Is it possible to tile the hat polykite with smaller copies of itself

combinatoricsdiscrete mathematicsgeometrytiling

The recently discovered monotyle known as the hat is a polykite that tiles the plane aperiodically. A tiling looks like this:

                                                            enter image description here

I wonder whether it is possible to tile this 13-edge hat-shaped figure with smaller copies of itself. These copies may be rotated any number of degrees, and flipped. I suppose there are two variants of this question:

  1. Can the hat polykite be tiled with a finite amount of smaller copies of itself that are each of the same size?
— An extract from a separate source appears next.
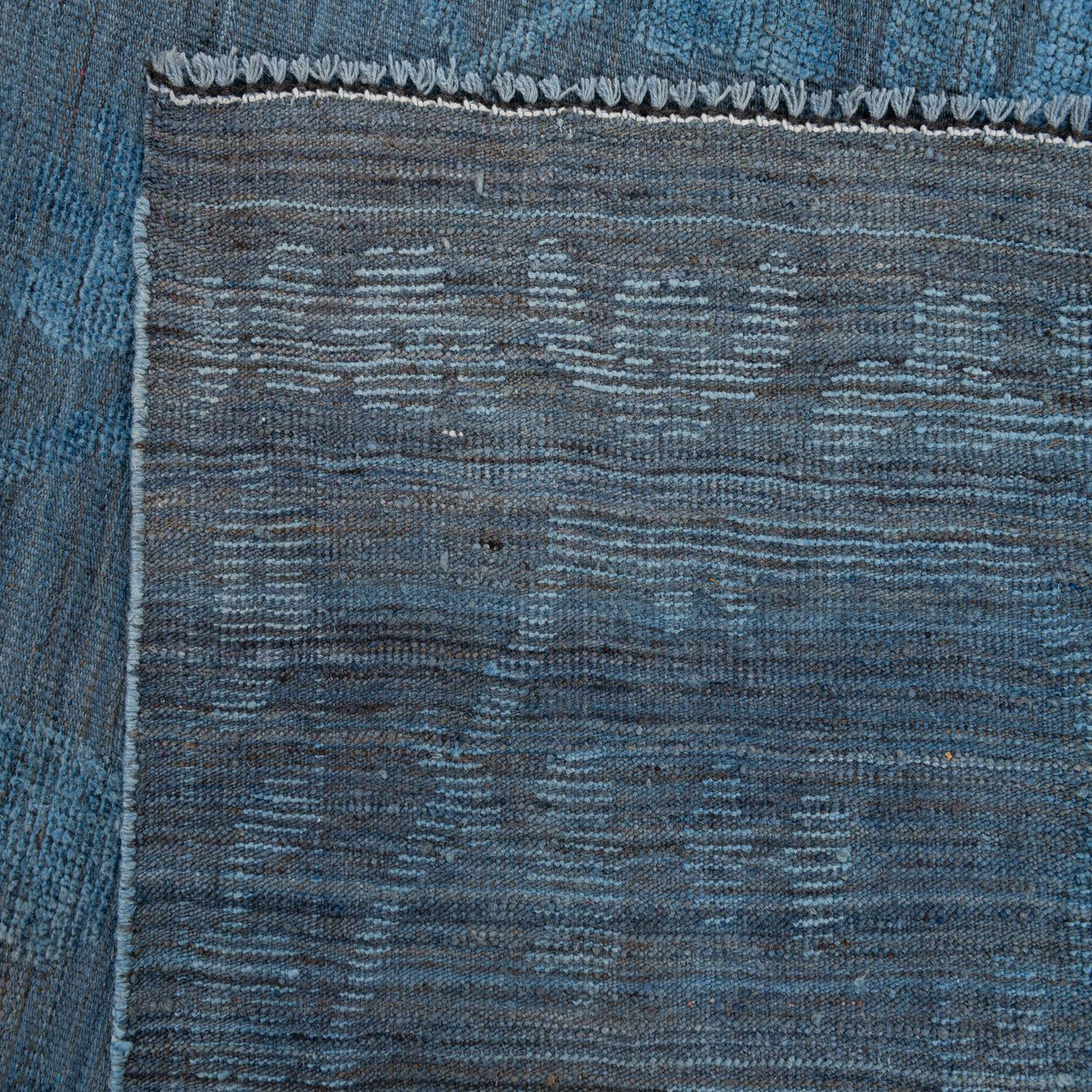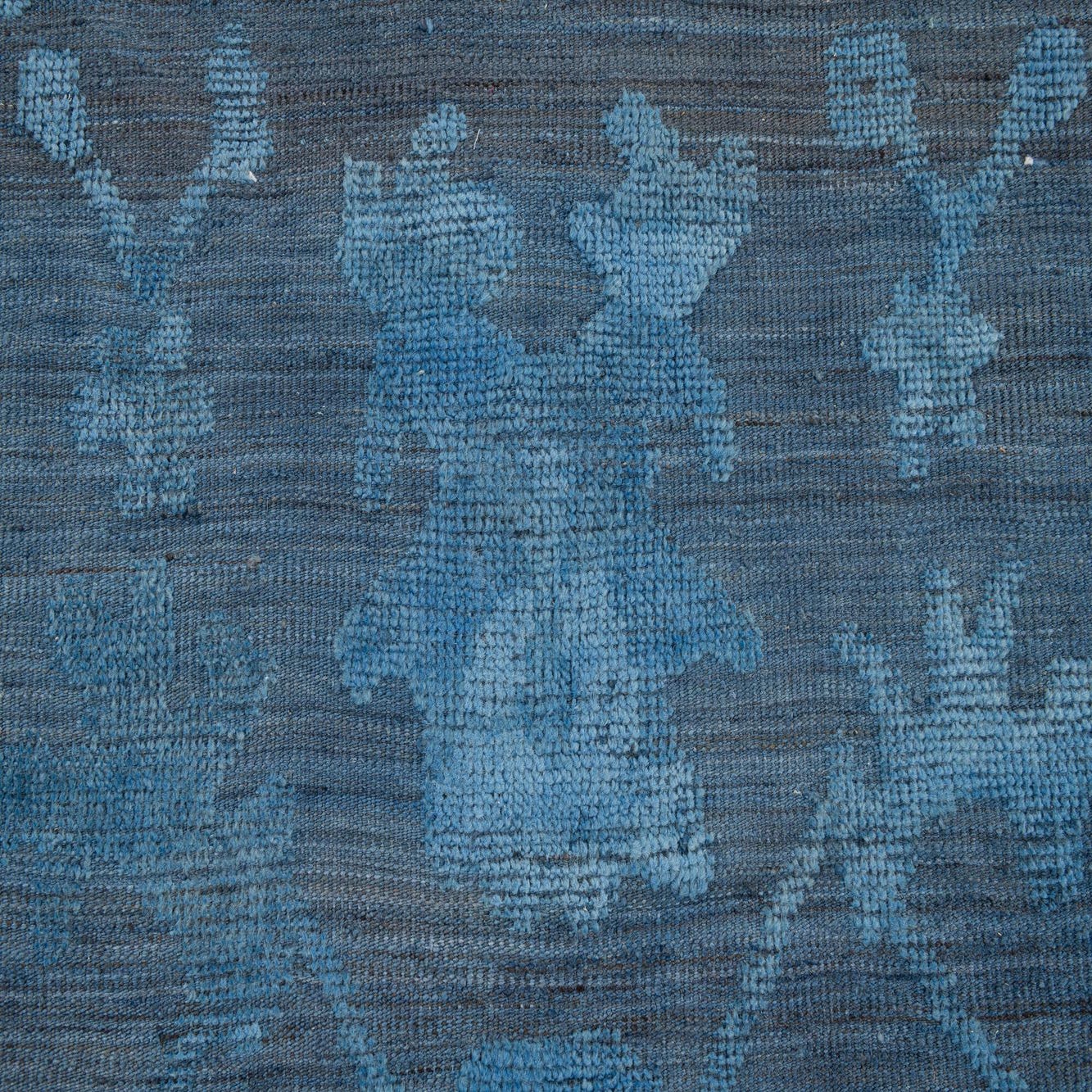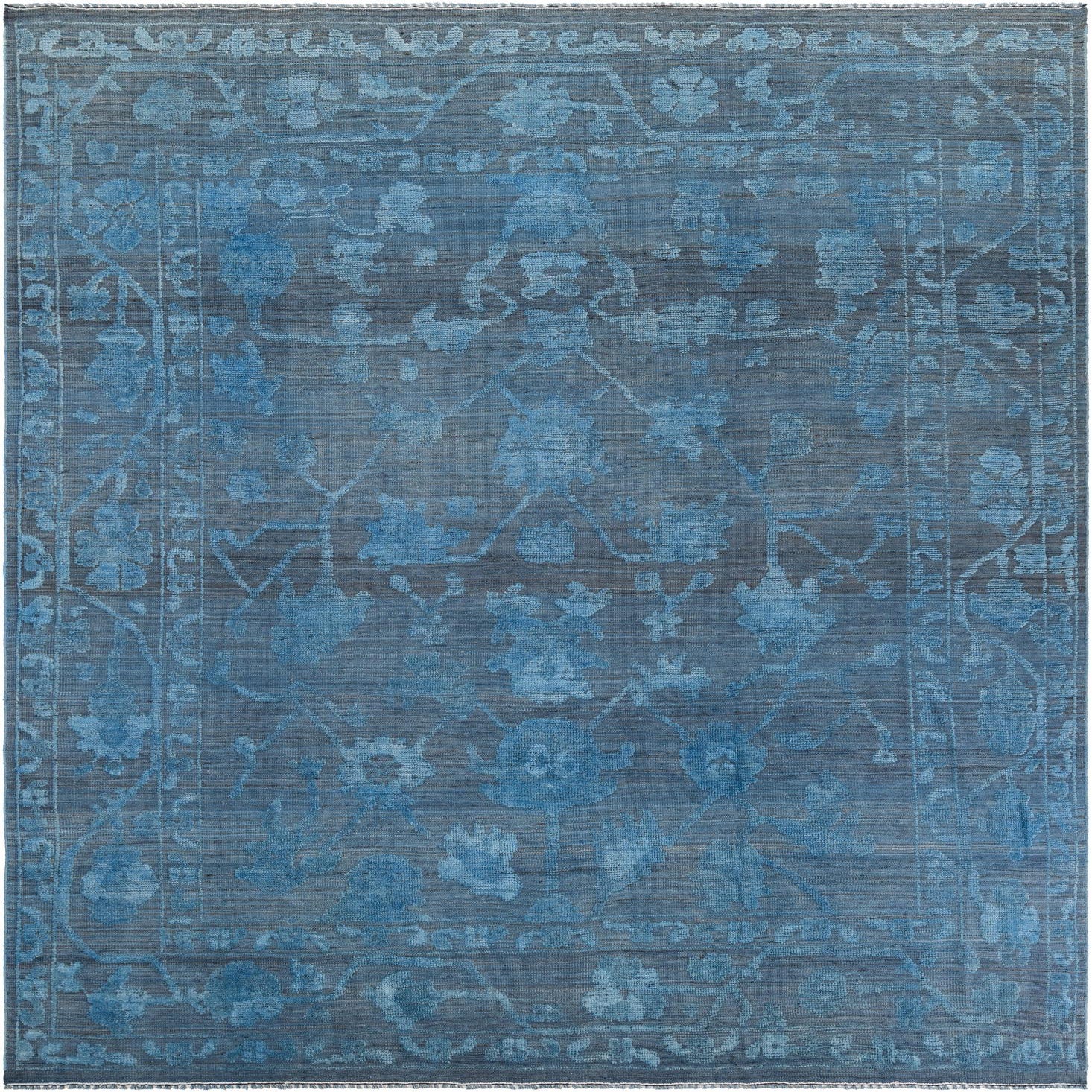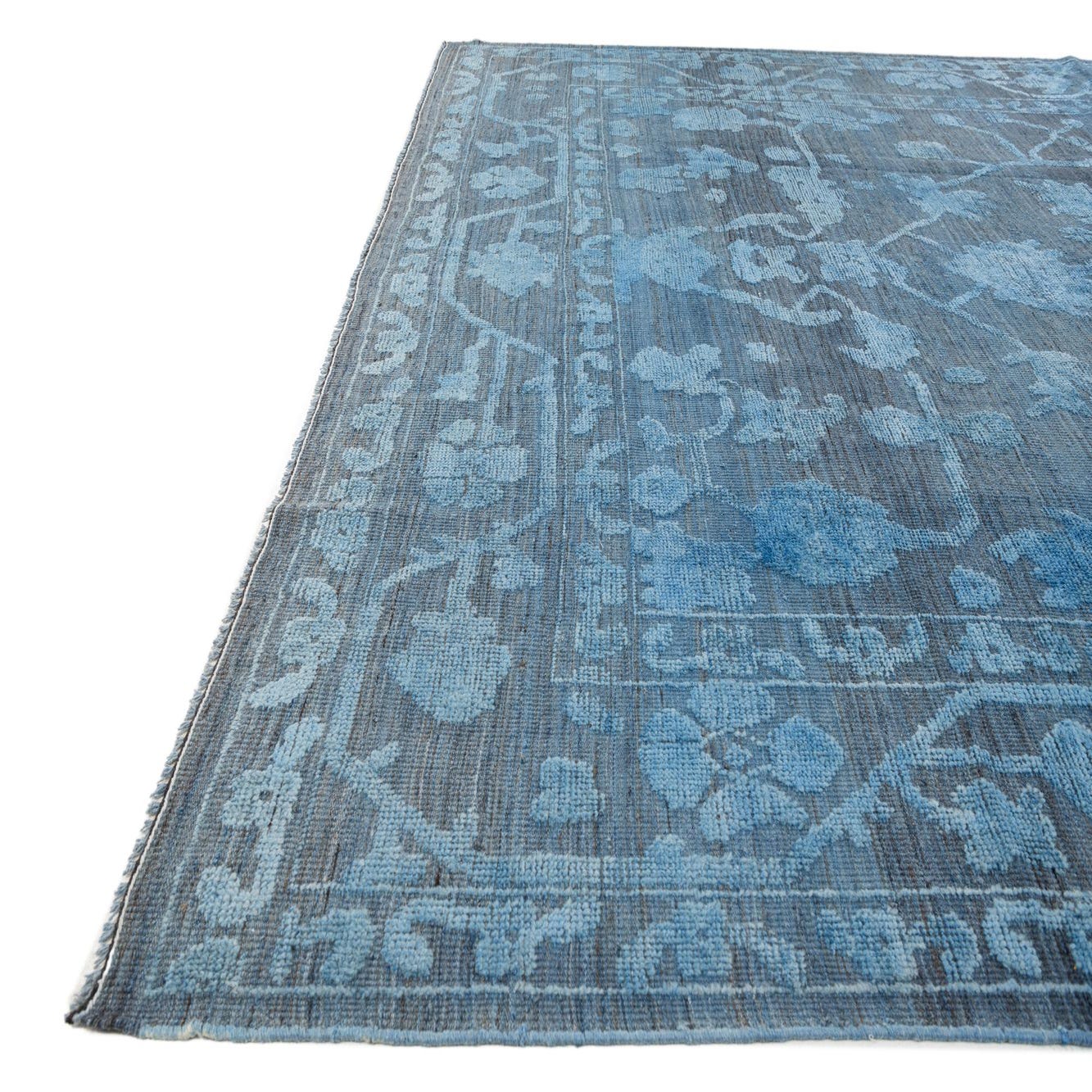 A 9x12 rectangular Oushak rug in varying shades of blue, featuring a modern floral pattern with a distinct border.

If so, how many smaller copies are required?
  2. If not, is it possible to tile the hat with a finite amount of smaller copies of itself that are of different sizes? If so, how many different sizes are needed, and how many copies of each size ought to be used?

Best Answer

No, it is impossible, even allowing different sized hats.

Every internal angle of the hat has a measure of at least $90^\circ$, and there are exactly four right angles, marked A, B, C, and D in the image below. There needs to be some smaller hat which covers the vertex of angle D. Because the smallest angle is $90^\circ$, the point of smaller tile over vertex D must be one of the vertices A, B, C, or D. However, A, B, and C are impossible, because each of these angles have a neighboring reflex angle which measures greater than $180^\circ$, which would force the smaller hat to just out of the larger hat. Therefore, the smaller hat would have to have its D vertex aligned with the D vertex of the large tile. But this creates a different problem; since both of the angles next to D measure $120^\circ$, the smaller hat tile at D would create a $180^\circ-120^\circ=60^\circ$ angle in the leftover space, and the hat has no angle small enough to fit inside a $60^\circ$ angle. Therefore, there is no way to tile a hat with smaller hats.